Cancel a pending poll. The cancelled op still posts a (STATUS_CANCELLED) completion, which #wait reaps and frees — so we do NOT free here.

# File 'ext/winloop/winloop.c', line 367

static VALUE backend_cancel(VALUE self, VALUE vid) {
    winloop_backend *b = get_backend(self);
    uint64_t id = NUM2ULL(vid);
    st_data_t val;
    if (st_lookup(b->reqs, (st_data_t)id, &val)) {
        winloop_req *req = (winloop_req *)val;
        CancelIoEx(b->afd, &req->ov);
    }
    return Qnil;
}

#op_abandon(vid) ⇒ Object

For a native call that failed SYNCHRONOUSLY (GetLastError != ERROR_IO_PENDING): the kernel never saw the op, no packet will ever arrive — free immediately.

# File 'ext/winloop/winloop.c', line 484

static VALUE backend_op_abandon(VALUE self, VALUE vid) {
    winloop_backend *b = get_backend_ops(self);
    winloop_op *op = op_lookup(b, NUM2ULL(vid));
    if (op->state == OP_SUBMITTED)
        rb_raise(eError, "winloop: op %llu is submitted; a submitted op is retired by "
                 "its completion, not op_abandon", (unsigned long long)op->id);
    if (op->state == OP_COMPLETED)
        rb_raise(eError, "winloop: op %llu is completed; retire it with op_result or "
                 "op_free, not op_abandon", (unsigned long long)op->id);
    op_retire(b, op);
    return Qtrue;
}

#op_cancel(vid) ⇒ Object

CancelIoEx(handle, ov) — targeted, cross-thread-safe.

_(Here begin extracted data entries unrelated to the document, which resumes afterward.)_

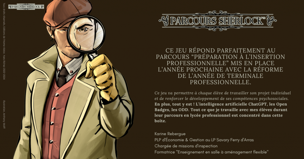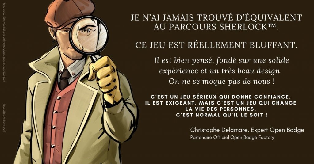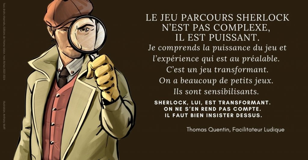 Avec Parcours Sherlock™, j’ai imaginé un parcours complet où chacun, chacune puisse par et dans l’expérience, acquérir de nouvelles connaissances solides et durables ; mais surtout, qu’ils expérimentent ce que les mots coopération, collaboration, émulation, pacification signifient en situation. Dans ce « jeu sérieux », c’est en aidant, en soutenant, en inspirant les autres que chaque personne réussit personnellement.
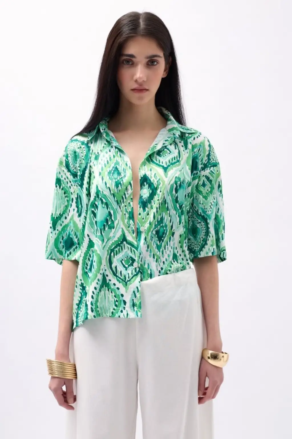Kadın Kısa Kollu Bisiklet Yaka çiçek Desenli Viskon Bluz
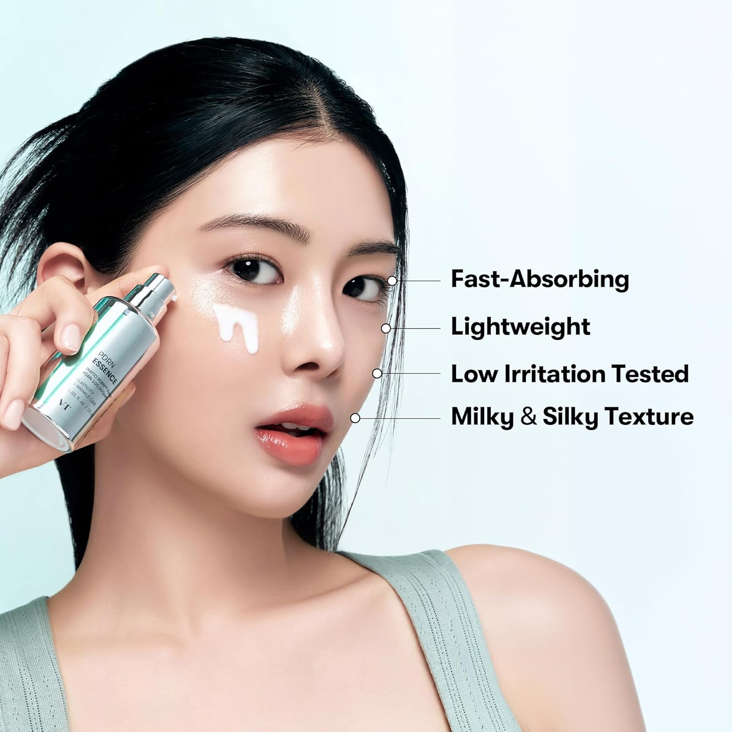 [LUMINOUS HYDRATION] Our essence, with its smooth milky texture, not only forms a glowing moisturizing layer on your skin but also helps improve skin elasticity, imparting a spa-like water glow effect and hydrating your skin with every application.

NEVER frees: a cancelled op still posts a packet (usually error 995) which #wait reaps. Returns true if a cancel was issued; false on ERROR_NOT_FOUND (already completed — benign) or ANY other CancelIoEx failure (rb_warn'ed, never raised: await_op's ensure path must never mask an in-flight Timeout/Fiber#raise unwind with a Winloop::Error).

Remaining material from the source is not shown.